Honolulu and Kauai police have begun using a nationally recognized domestic violence assessment protocol to help prevent murders and get immediate help for victims at risk of being killed.
Both police departments launched what is formally known as the Lethality Assessment Program this summer, creating the most structured law enforcement response to domestic violence incidents in the state, said Janelle Oishi of the Hawaii State Coalition Against Domestic Violence.
Oishi said the program creates a consistent law enforcement response in the handling of domestic violence cases and gives officers clear parameters for helping victims. A key element of the program is a 24-hour hotline that police can call to connect the victim to a domestic vio-
lence advocate. On Oahu, Child &Family Service runs the hotline.
The program consists of an 11-question screening tool to identify victims at risk of being killed by an intimate partner.
An officer responding to a domestic violence incident will read the questions to the victim. If the victim answers certain questions or a certain number of questions in the affirmative, the officer will call the 24-hour hotline and ask the victim to speak with a domestic violence advocate who is trained to respond to someone in crisis and at high risk of being killed.
The advocate can also provide safety training, services and shelter referrals.
The program, based on the research by Jackie Campbell, a pioneering researcher in domestic violence, is already being used in more than 30 states. It has also garnered national recognition from the Centers for Disease Control and Prevention and the U.S. Department of Justice’s Office on Violence Against Women.
The Maryland Network Against Domestic Violence created the program as a strategy to prevent domestic violence homicides, and it trains law enforcement and other agencies, at no cost, to use the program.
Oishi said the state Coalition Against Domestic Violence has been working since 2014 to bring the program to Hawaii to “really strengthen law enforcement’s response to the safety of survivors.”

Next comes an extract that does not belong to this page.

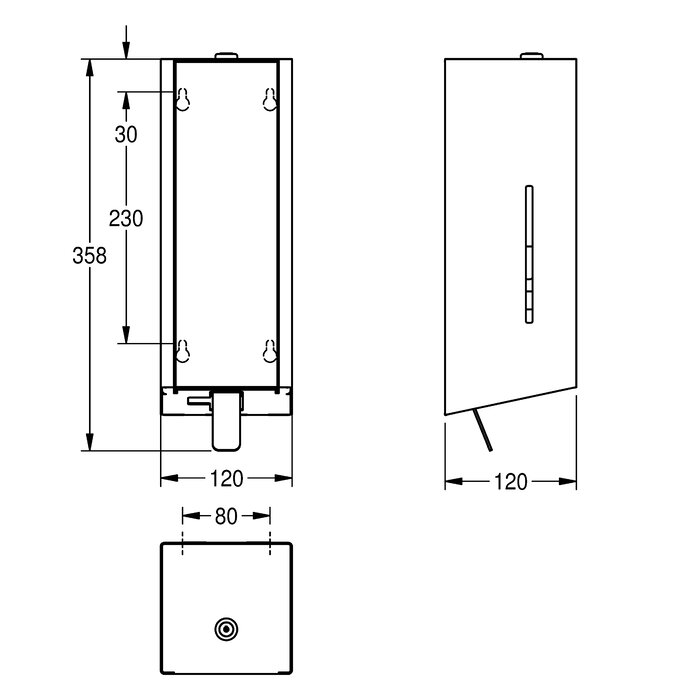 Dimensions 120 x 358 x 120 mm (W x H x D)

“We’re really trying to get the most vulnerable population immediately into appropriate services,” she said, adding that research shows domestic violence services increase victims’ safety.
The director of systems and communities for the coalition, Oishi said the organization learned about the Lethality Assessment Program in 2014, although not in response to any specific event. Hawaii island and Maui police declined to participate.

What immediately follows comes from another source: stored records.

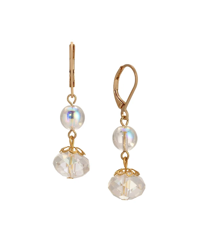 2028 Gold Tone Peach Imitation Pearl Drop Stretch Bracelet
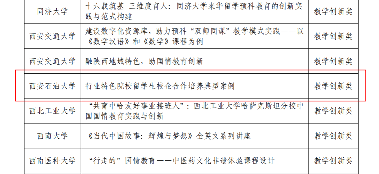 近年來,我校高度重視國(guó)際化人才培養(yǎng)工作,先后與中塔天然氣管道公司、中吉天然氣管道公司等聯(lián)合開展人才培養(yǎng)項(xiàng)目,形成了較為成熟的校企聯(lián)合培養(yǎng)模式與協(xié)同育人機(jī)制。此次入選典型案例,充分體現(xiàn)了我校在來華留學(xué)教育領(lǐng)域的創(chuàng)新成果和示范價(jià)值。未來,我校將以本次典型案例入選為契機(jī),持續(xù)深化來華留學(xué)教學(xué)改革與研究,總結(jié)來華留學(xué)教育經(jīng)驗(yàn),進(jìn)一步提升來華留學(xué)教育質(zhì)量。
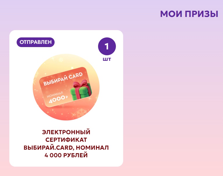 Призы / Лента призов / VicVic / Сертификат на 4000 рублей за Мини-игру от Добрый

Nationally, she said, one in four women will experience physical abuse.
According to the state attorney general’s office, Hawaii had 46 domestic abuse-related murders from 2008 through 2012, making up about 39 percent of the state’s murders during that time.
Honolulu police Maj. Larry Lawson, of the Criminal Investigation Division, said patrol officers across the island have been using the assessment protocol since July 1.
He said Honolulu police adopted a policy that requires officers to attempt to read the screening questionnaire to victims in a domestic violence call. Victims have the right to decline to participate.
Reading the questionnaire can educate some victims about the warning signs that they may be killed in their relationship, he said.
Some questions, for example, ask whether the victim’s partner has ever threatened to kill him or her, whether the partner is constantly jealous, or whether the partner is unemployed.
“It just helps us convey the seriousness of domestic violence to that victim,” he said. “This gives us something to really speak to that victim and say, ‘You are in danger here, and we’re trying to help you.’”
Another benefit of the program, Lawson said, is it gets victims in touch with service providers early on, increasing the likelihood that they follow through with prosecution because they feel like “they have someone walking beside them from the beginning.”
He said the lethality assessment screening process takes only about 10 minutes to complete.
“We have high hopes that it’s going to save someone’s life,” he said.